Consistent hash ring powered by [`libring`](https://hex.pm/packages/libring). Each physical node is sharded into `weight` points (default: 128) distributed across a `2^32` continuum using SHA-256. Key lookup finds the next highest shard on the ring via `gb_tree`. Falls back to random selection when no key is given. The ring is stored in ETS and lazily rebuilt when topology changes.

Supports replica selection via `choose_nodes/4` using `HashRing.key_to_nodes/3` — returns multiple distinct nodes for a given key, walking the ring from the primary shard.

**Algorithm options:**
- `:weight` — number of shards per physical node (default: `128`)

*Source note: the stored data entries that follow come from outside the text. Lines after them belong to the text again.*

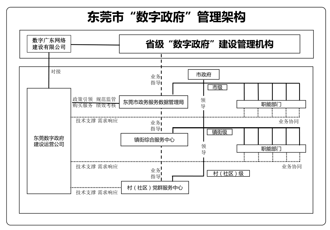 按照“管運分離”的總體原則,在管理機制、運行機制、建設運維模式等方面進行探索創(chuàng)新,在全省“數字政府”改革建設組織管理體系框架下,構建“統(tǒng)一領導、上下銜接、運作高效、統(tǒng)籌有力、整體推進”的東莞市“數字政府”管理體系。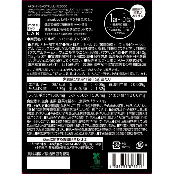 마츠키요 LAB 아르기닌+시트룰린 3000 젤리 30포 > 젤리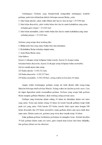 yang sama. Tentu saja dalam selang 18 tahun itu terjadi banyak gerhana tetapi tidak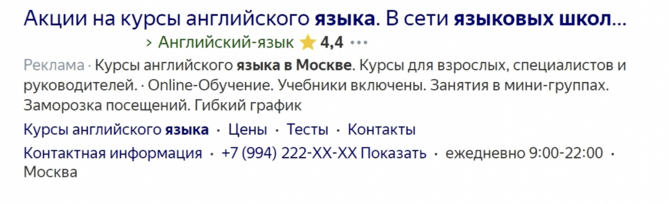 - УТП в рекламе: низкая цена, большой выбор языков, удобное расположение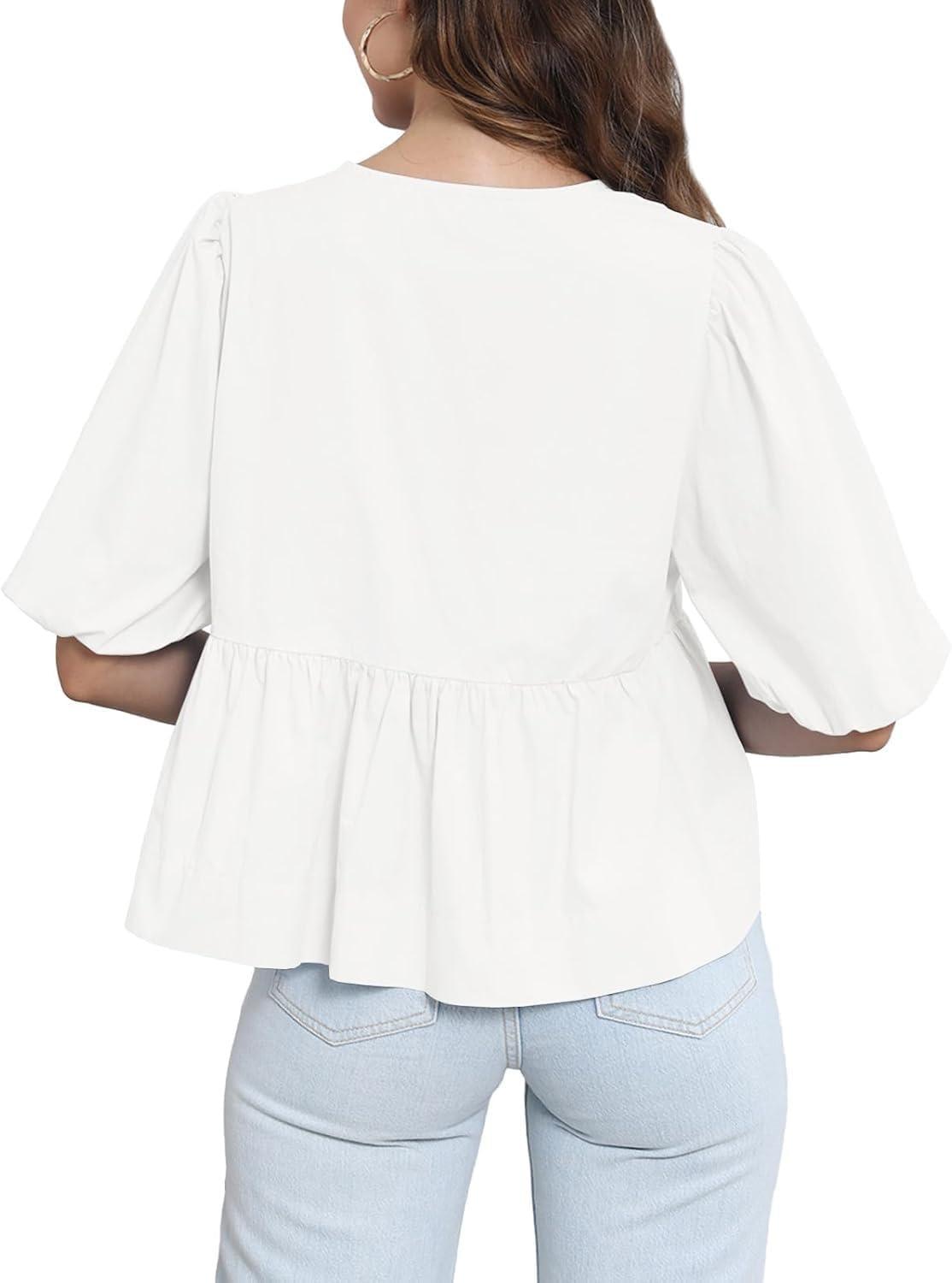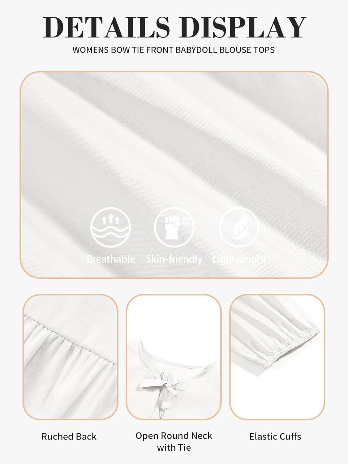 Tankaneo Womens Tie Front Tops Summer Peplum Babydoll Puff Short Sleeve Blouse Cute Cotton Shirts(White)

Implements: `init/2`, `choose_from_nodes/3`, `choose_nodes/4`, `on_node_change/2`

### WeightedRoundRobin

Expands the node list by duplicating each node according to its weight, then cycles through with an atomic counter. Weights are passed via `algorithm_opts: [weights: %{node => integer}]`. Nodes without an explicit weight default to 1.

Implements: `init/2`, `choose_from_nodes/3`

---

## Internal Modules

These modules are not part of the public API but are documented here for contributors.

### `RpcLoadBalancer.LoadBalancer.Pg`

Starts and wraps the `:pg` scope (`:rpc_load_balancer`). Started as a child of the application supervisor.

### `RpcLoadBalancer.LoadBalancer.AlgorithmCache`

ETS cache (via `elixir_cache`) that maps `load_balancer_name -> algorithm_module`. Configured with `read_concurrency: true` and `write_concurrency: true`.

### `RpcLoadBalancer.LoadBalancer.CounterCache`

ETS cache (via `elixir_cache`) used for atomic counters (round robin indices, connection counts) and weight storage. Configured with `read_concurrency: true` and `write_concurrency: true`.